You in his hoodie. Him mid-laugh. A blurry one of your intertwined fingers under a table.
Caption: 🤍 found him on the pit wall
The internet loses it. Again.
You close the app, smiling.
Let them guess.
------------------------------------------------------------------------------
A few weeks later, you’re both in Monaco again, tucked into the quiet of his apartment. The windows are open, letting in the soft night air. There's music playing low—something chill and forgettable—and takeout boxes between you on the couch.
Neither of you is in a rush to talk. You’re watching the ceiling like it’s more interesting than your thoughts. Lando’s scrolling aimlessly on his phone, then sets it down with a sigh.
“You ever think about how weird this all is?” he asks suddenly.
You glance at him. “Define weird. Like… fake dating your best friend weird, or being mildly famous weird?”
He laughs. “Both, I guess.”
You nod, pulling your knees up. “Yeah. It’s insane when you think about it too hard.”
He’s quiet for a moment. Then: “I was thinking earlier… if I wasn’t doing this, if none of this F1 stuff ever happened, I wonder if we’d still be this close.”

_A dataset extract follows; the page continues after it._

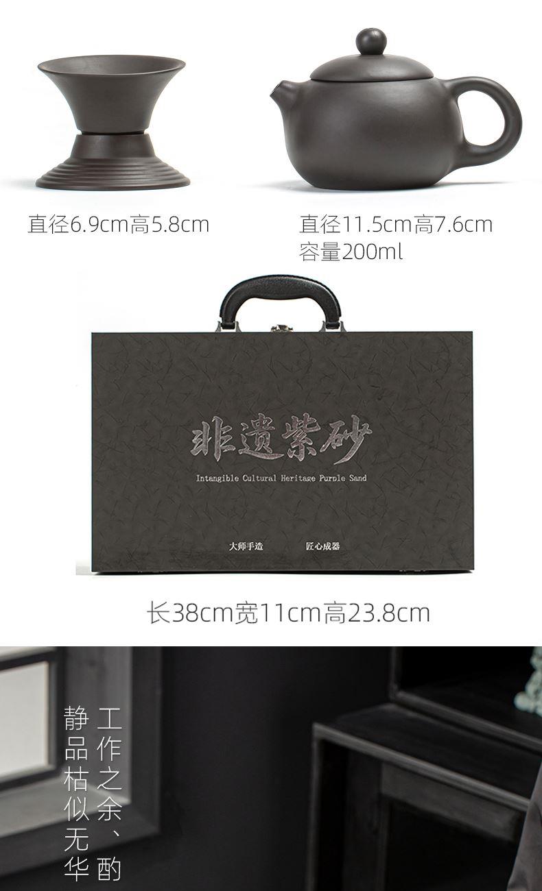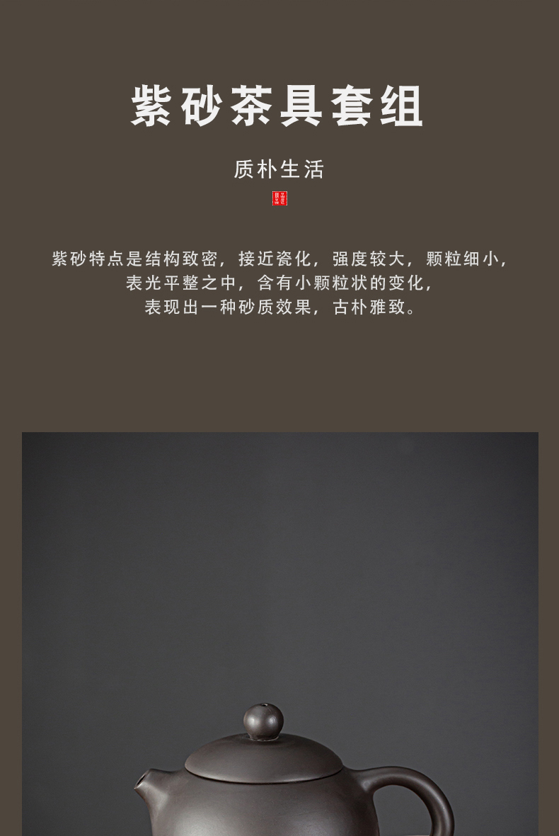 【产品配置】 茶壶*1 茶海*1 茶漏组*1 茶杯*6 礼盒*1 【产品说明】 采用天然紫砂泥料,温润有质感,兼具透气性; 壶嘴出水顺畅、断水利落; 防烫壶把拿捏舒适,底部打磨平整确保稳固; 茶漏组、茶海等配件设计简化冲泡流程,适合功夫茶仪式; 高温烧制,工艺精湛,确保茶具耐用且稳定性强。

You blink. “What kind of sad midnight crisis is this?”
He smiles, but it’s soft. Real. “I just mean—life’s gone a bit mad. And somehow, we still find our way back to each other.”
You don’t answer right away. Because it’s true. Through the chaos and the cameras and the fake dating façade, there’s still this unshakeable thing between you. The kind of closeness that makes everything else seem quieter.
“I think we’d always find a way,” you say, honest.
Lando looks over at you, eyes a little too gentle. “You’re the only person who’s known me before all of this. Before the wins. The attention. The pressure.”
“You’re the only person who knew me before heels and hair extensions and Vogue calling.”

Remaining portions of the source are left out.